The Slogan: 21st Century Art of Self-Defense

Back in the 20th century, “21st century” sounded cool. But you know what? We are now in the 21st century, and it just sounds commonplace. Why don’t we get a new slogan. How about one that describes what Taido is all about, like “three-dimensional combat sport”. Notice I wrote “combat sport” instead of “art of self defense”. Anyone who has ever been in a fight will understand what I mean my this. If not, see number eight below.

The Chicks

Please. Don’t even try to tell me that this is all that can be expected of women in Taido. I have seen women in other sports that would rip the heads off of most men. In Taido, women do not seem to get good at nearly the same rate as men. This is because we don’t teach them as well as we teach men.

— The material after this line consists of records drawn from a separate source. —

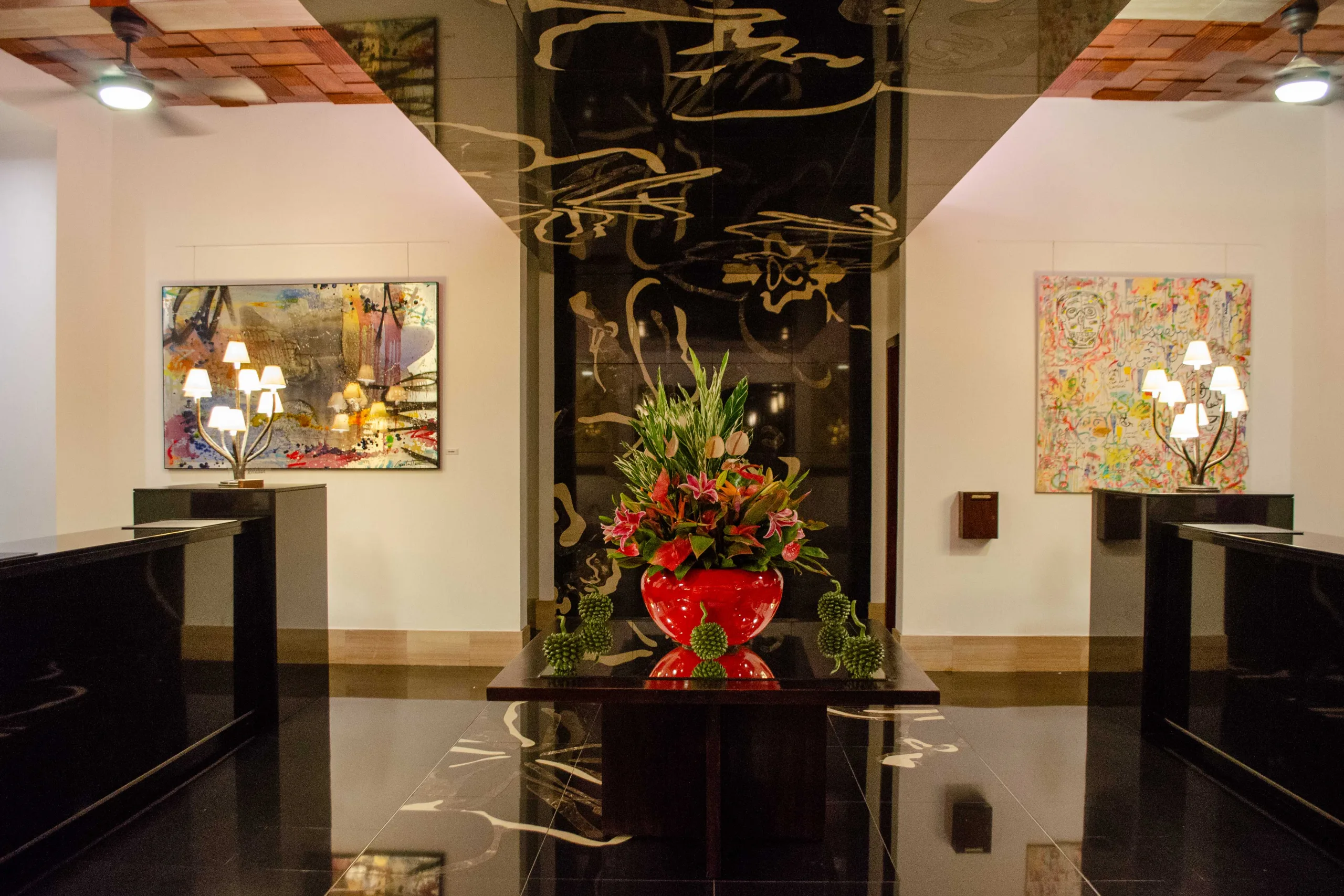 At the heart of the resort lies the main pavilion, which encompasses a stylish lobby, a bar, dining options, a range of shops, and an art gallery.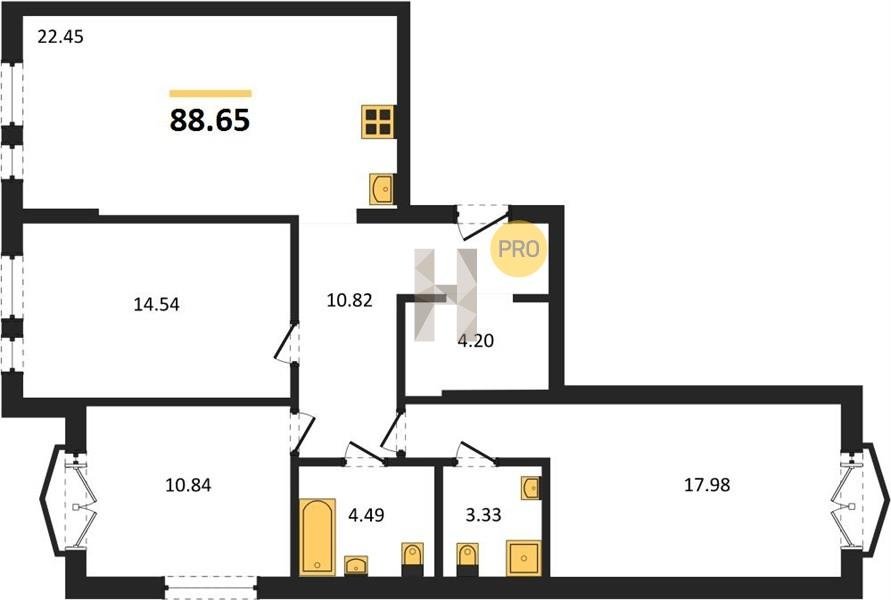 Сам комплекс переменной этажности, на выбор студии и квартиры с 1–4 комнатами, европланировки площадью от 29 до 148 м², мастер-спальни, террасы и панорамное остекление, высота потолков 3 м. Около 80% квартир имеют вид на воду, включая Галерную гавань, Финский залив и Большую Неву.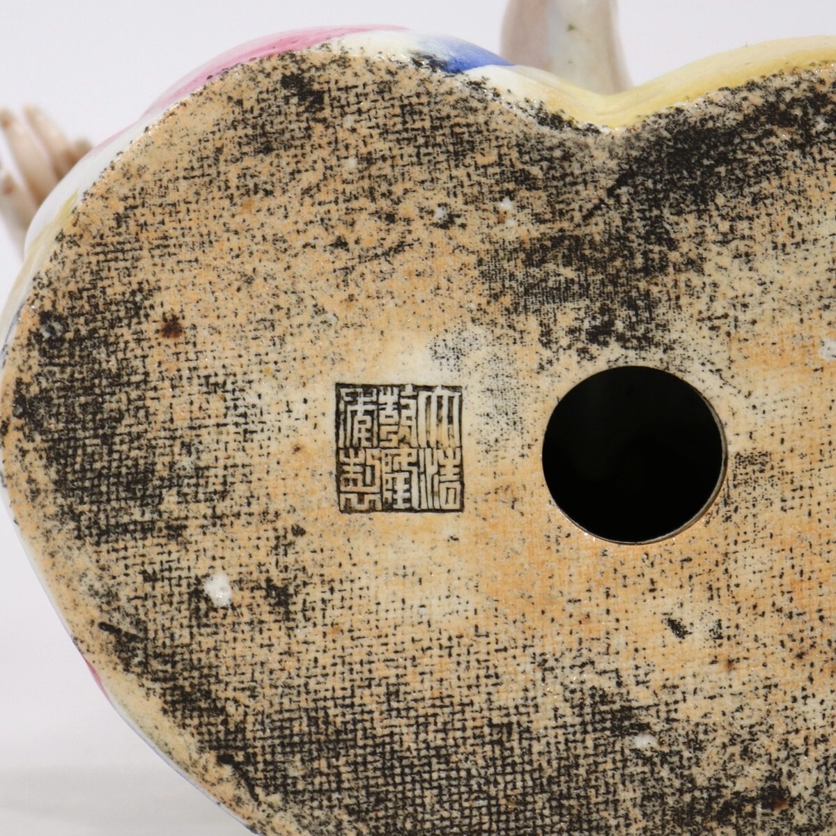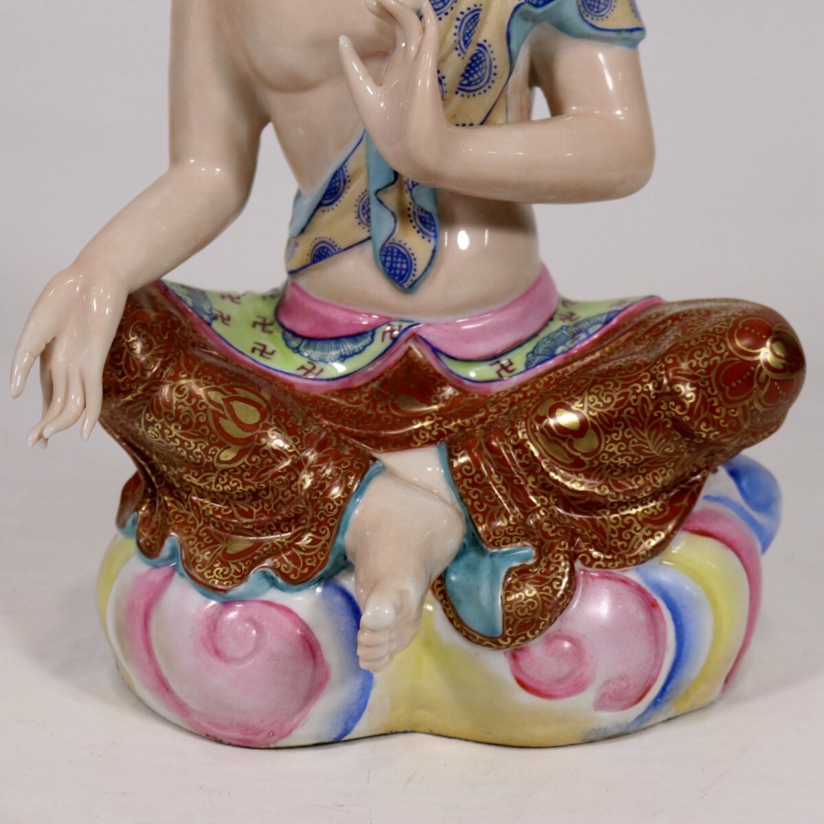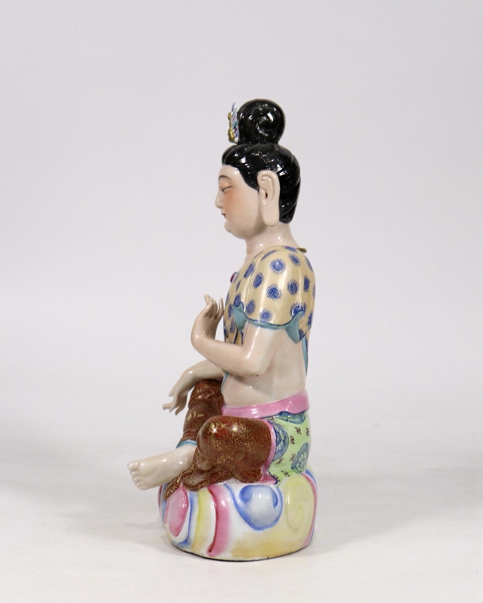 清代 大清乾隆年製 陶磁器 粉彩観音塑像【仁】染付 置物擺件 古賞物 古美術 中国古玩 蔵出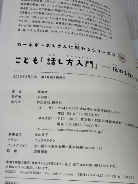 【※カバー無し】こども『話し方入門』: 伝わる話し方 (「カーネギーおじさんに教わる」シリーズ③) 創元社 齋藤 孝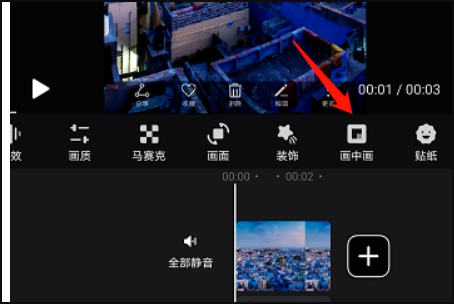 点击底部“新增画中画”选项,导入需要的视频素材。

I understand that there are physiological differences between the sexes. That’s fine. But look - all the women in the last all-Japan championship had terrible maai in jissen. Why? There is no good reason for this. I can understand that women’s musculature doesn’t support explosive power, therefore making it more difficult for them to do nenchu and such, but there is absolutely no reason that they can’t learn how to use the seigyo and sotai properly. None whatsoever.

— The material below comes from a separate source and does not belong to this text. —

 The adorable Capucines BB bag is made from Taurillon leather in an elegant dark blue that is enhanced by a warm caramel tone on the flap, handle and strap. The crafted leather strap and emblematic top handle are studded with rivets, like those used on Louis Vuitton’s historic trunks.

Why don’t we teach girls real Taido? I think it has to do with cultural factors, especially the lingering inequality of the sexes in Japanese society. This is unacceptable. We should do better by our sisters, and teach them with every bit as much attention and care as we do men.

The Attitude of Superiority over Other Arts

Up to about 2dan, a similarly-ranked Tae Kwon Do student will destroy a Taido student in a fight, if all other factors are equal.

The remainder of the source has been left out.